### EXERCISE BRIEF
Would you please transcribe, exactly as written, the lines of the entries below starting at the one that holds "2. Зонирование интерьера" and ending at the one that holds "Cute fabric with", both included?

### AVAILABLE RECORDS
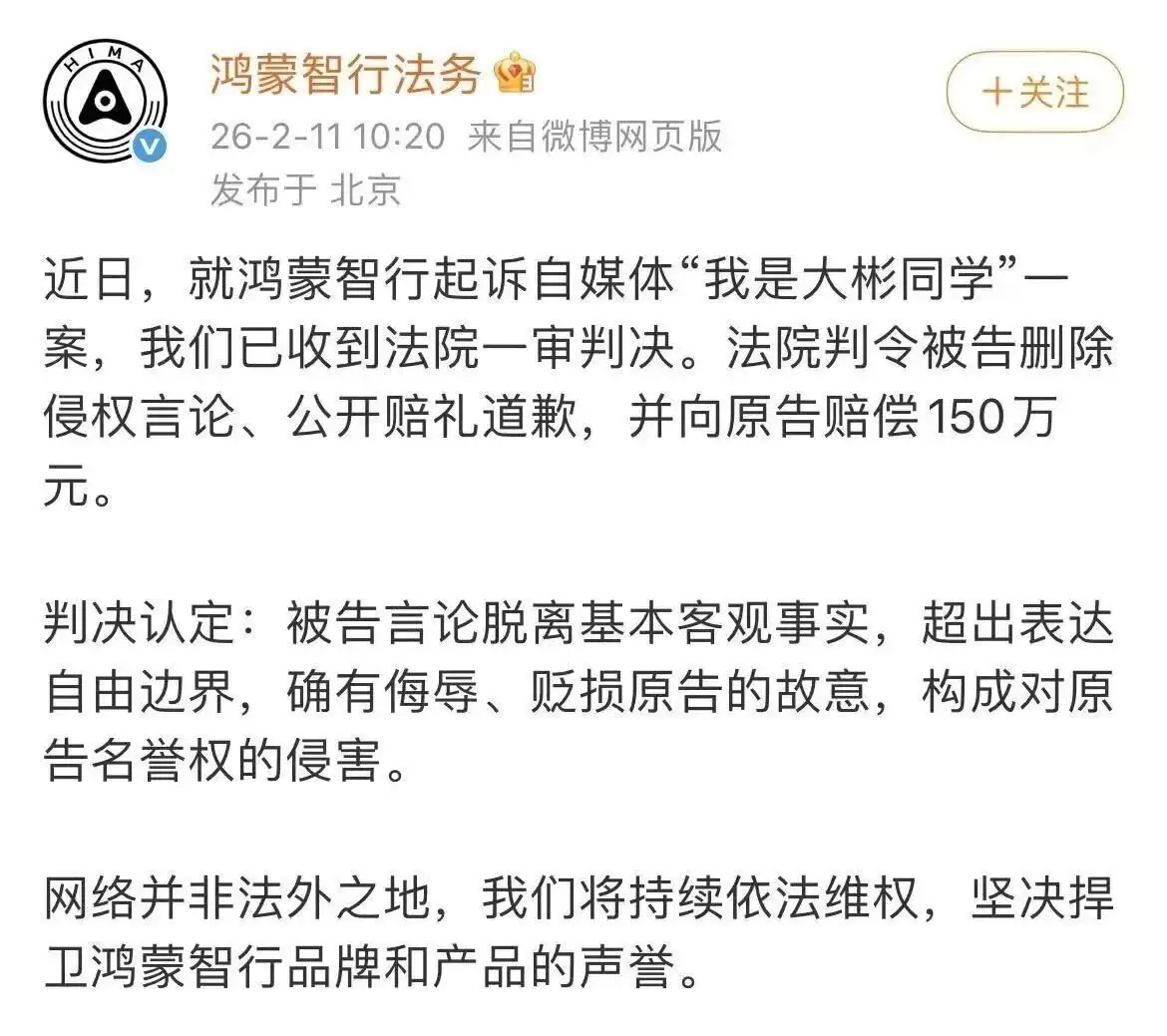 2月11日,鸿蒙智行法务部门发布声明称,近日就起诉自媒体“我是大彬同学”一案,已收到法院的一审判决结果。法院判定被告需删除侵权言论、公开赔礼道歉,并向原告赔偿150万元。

==

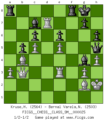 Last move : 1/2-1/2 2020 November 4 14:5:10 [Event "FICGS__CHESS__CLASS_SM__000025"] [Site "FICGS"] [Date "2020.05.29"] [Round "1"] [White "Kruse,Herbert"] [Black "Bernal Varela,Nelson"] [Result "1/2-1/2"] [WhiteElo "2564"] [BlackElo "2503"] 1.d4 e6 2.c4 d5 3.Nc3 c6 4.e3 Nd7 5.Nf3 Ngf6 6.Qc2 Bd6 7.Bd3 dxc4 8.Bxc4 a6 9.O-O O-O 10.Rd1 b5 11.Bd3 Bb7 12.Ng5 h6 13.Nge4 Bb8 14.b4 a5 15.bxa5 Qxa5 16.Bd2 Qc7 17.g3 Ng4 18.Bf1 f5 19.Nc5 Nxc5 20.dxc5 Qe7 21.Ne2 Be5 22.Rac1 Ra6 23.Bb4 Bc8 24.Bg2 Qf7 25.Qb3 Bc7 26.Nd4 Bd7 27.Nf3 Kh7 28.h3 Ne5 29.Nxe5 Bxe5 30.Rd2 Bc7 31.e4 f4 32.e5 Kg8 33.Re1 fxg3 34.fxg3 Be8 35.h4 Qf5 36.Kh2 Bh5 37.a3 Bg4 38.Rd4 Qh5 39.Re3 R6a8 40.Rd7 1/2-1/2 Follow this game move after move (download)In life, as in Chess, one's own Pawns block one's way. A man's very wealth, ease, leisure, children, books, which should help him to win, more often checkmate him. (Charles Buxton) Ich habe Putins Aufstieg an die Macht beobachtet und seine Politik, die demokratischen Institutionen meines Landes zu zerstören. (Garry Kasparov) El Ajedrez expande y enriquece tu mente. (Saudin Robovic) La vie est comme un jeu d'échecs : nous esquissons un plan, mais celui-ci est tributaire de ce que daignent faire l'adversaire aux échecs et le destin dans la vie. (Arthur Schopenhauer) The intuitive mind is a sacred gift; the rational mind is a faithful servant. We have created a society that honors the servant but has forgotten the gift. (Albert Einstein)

...

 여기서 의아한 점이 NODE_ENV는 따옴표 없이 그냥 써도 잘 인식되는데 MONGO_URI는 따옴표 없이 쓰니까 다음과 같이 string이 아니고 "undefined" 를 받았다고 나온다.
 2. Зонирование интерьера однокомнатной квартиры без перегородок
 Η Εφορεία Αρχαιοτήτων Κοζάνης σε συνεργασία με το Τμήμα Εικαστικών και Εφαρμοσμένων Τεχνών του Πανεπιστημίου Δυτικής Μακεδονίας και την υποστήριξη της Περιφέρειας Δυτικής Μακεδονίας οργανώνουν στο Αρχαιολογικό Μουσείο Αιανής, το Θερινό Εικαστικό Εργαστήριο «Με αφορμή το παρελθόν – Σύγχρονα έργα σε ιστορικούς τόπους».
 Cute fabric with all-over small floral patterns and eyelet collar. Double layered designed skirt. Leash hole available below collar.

### PROBLEM SOLUTION
 2. Зонирование интерьера однокомнатной квартиры без перегородок
 Η Εφορεία Αρχαιοτήτων Κοζάνης σε συνεργασία με το Τμήμα Εικαστικών και Εφαρμοσμένων Τεχνών του Πανεπιστημίου Δυτικής Μακεδονίας και την υποστήριξη της Περιφέρειας Δυτικής Μακεδονίας οργανώνουν στο Αρχαιολογικό Μουσείο Αιανής, το Θερινό Εικαστικό Εργαστήριο «Με αφορμή το παρελθόν – Σύγχρονα έργα σε ιστορικούς τόπους».
 Cute fabric with all-over small floral patterns and eyelet collar. Double layered designed skirt. Leash hole available below collar.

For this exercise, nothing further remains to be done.